Belkin Modem/Router model : F5D7634-4A-H v2 (on the device)

F5D7634-4-H v2 (01) (on the online settings (192.168.2.1))

It has the latest firmware as I have clicked on the firmware update and it says "There is no new firmware update available for this Router!"

Can anyone please help?

Thank you


----------



## Wil 08 (Oct 20, 2012)

Hi ! 

Based on this website Age of Empires III TCP UDP port setttings and minimum requirements the ports that you need to open are 2300-2310 (TCP and UDP).

First you may need to assign a static/manual ipaddress on you device.
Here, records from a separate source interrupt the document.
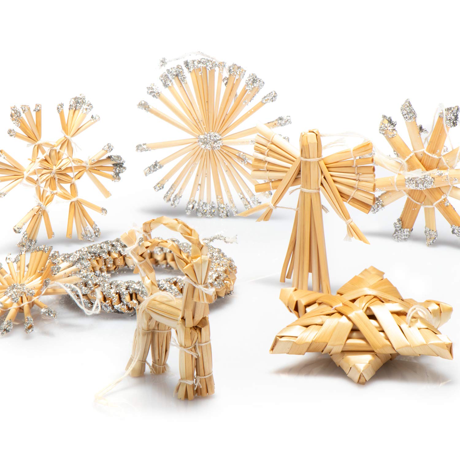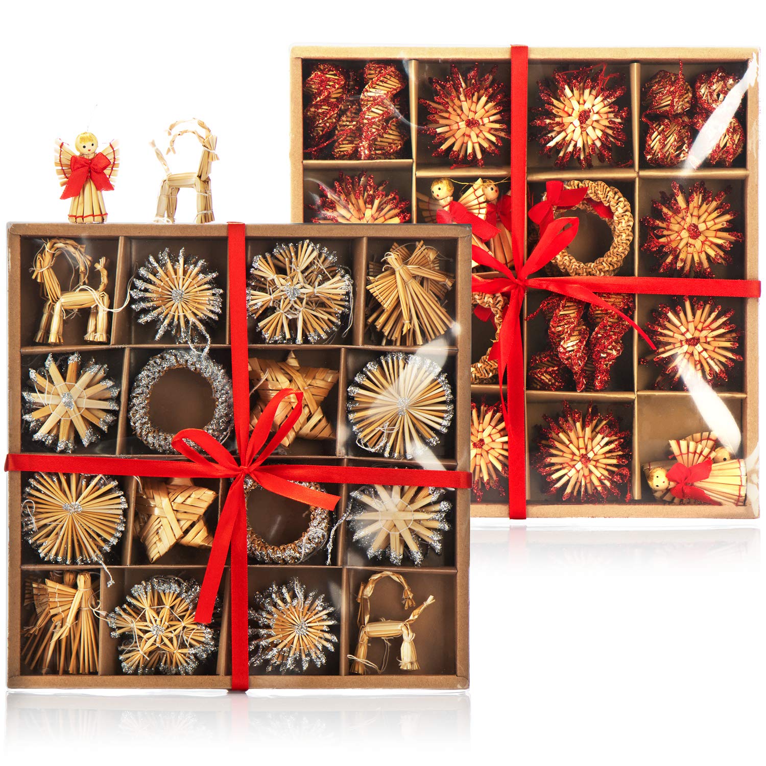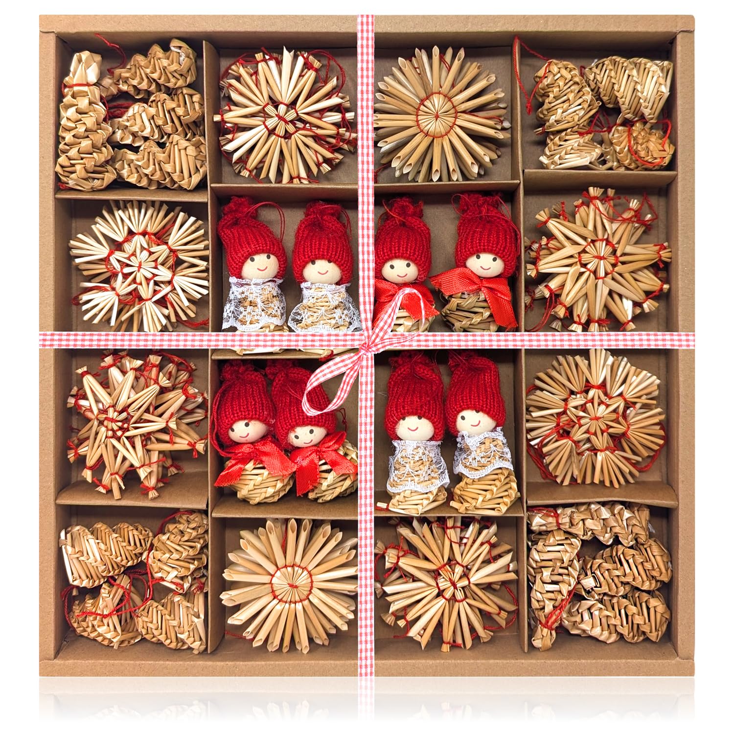 Com-four Strohsterne Set 112-teilig - Traditioneller Christbaumschmuck Mit Engeln, Tannen & Glocken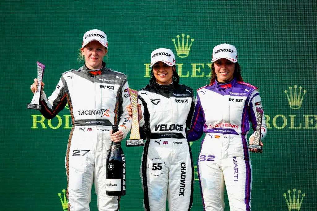 А ось решта, і зокрема претендентки на місця в топ-3, після половини сезону відстають майже вдвічі за здобутими балами. І кожного вік-енду нова гонщиця досягає подіуму. Цього разу перший успіх у кар’єрі знайшов представницю Академії Серії W – Нерею Марті. Іспанка від етапу до етапу покращує гоночний темп, а в Угорщині здобула для себе перший фініш на подіумі. У чемпіонаті вона також тепер третя.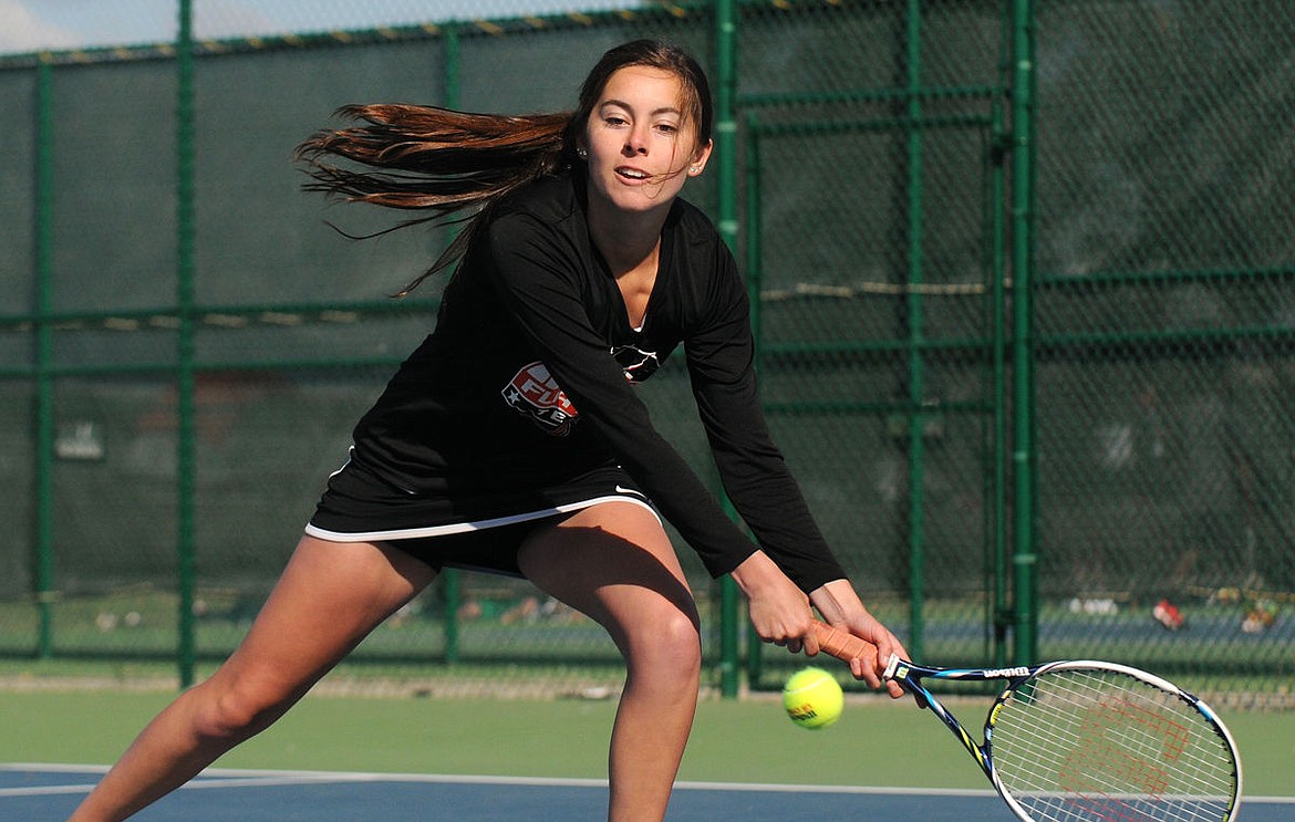 Flathead #2 singles player Rayna Darrow reaches for a ball in her match against Missoula Sentinel at Flathead Valley Community College on Saturday. (Aaric Bryan/Daily Inter Lake)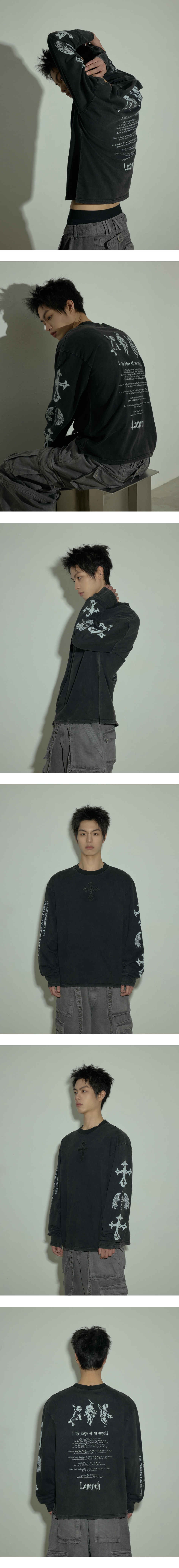 LAN ARCHIVE 0110 Angel Cross Washed Long Sleeve - Charcoal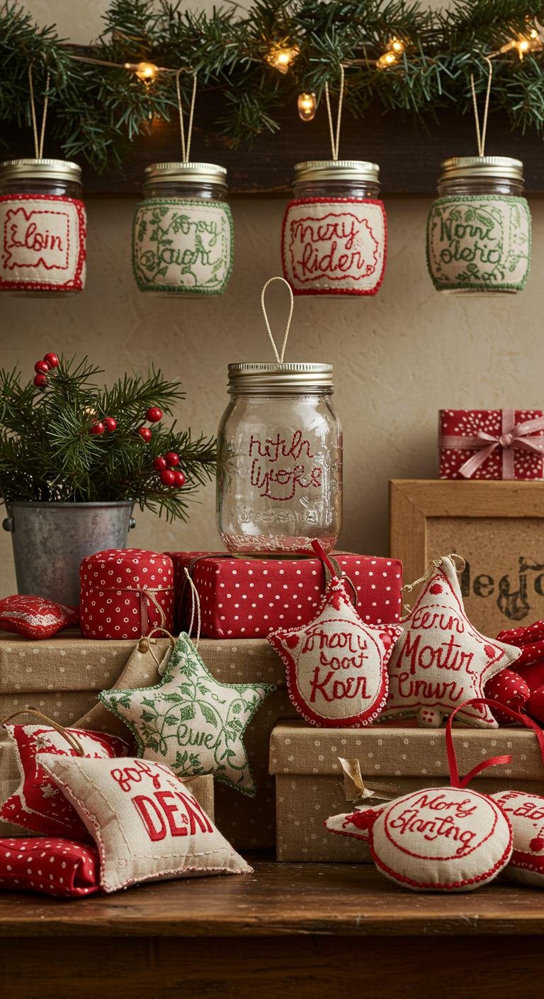 Crafting your own embroidered fabric ornaments can add a cozy touch to your holiday décor, just like those charming mason jar lid creations. Choose from vibrant cottons, soft felt, or luxurious silks to express your style. Use various embroidered techniques to create intricate patterns or personalized designs. Each ornament tells a story, letting your creativity shine bright, embracing the spirit of freedom and festivity.

If you are using an X-Box, please refer on the link below:
How to set up a static IP address on your Xbox 360 - PortForward.com

If you are using a PS3, please refer on the link below:
Setting a static IP address on the Playstation 3 - PortForward.com

The ipaddress that you will use should be within the range of your Belkin modem/router so you may use 192.168.2-250 (like 192.168.2.5).

After that, here's a link on how to open a ports on your Belkin modem/router:
Belkin : Support Configuring port forwarding

If the above steps still did not help you, you may try disabling the firewall of your modem/router.


----------



## wingho (Oct 18, 2012)

Thanks for the reply.

Sorry, I should of mentioned I already tried opening the ports but didn't have any luck, the game still wont work. I also tried disabling the firewall but again no luck. The key thing is that when its on DMZ everything works so its got to be something wrong with the port forwarding function on my modem/router but am not sure.


----------



## Wil 08 (Oct 20, 2012)

Please provide me the screenshot of the port forwarding on your router.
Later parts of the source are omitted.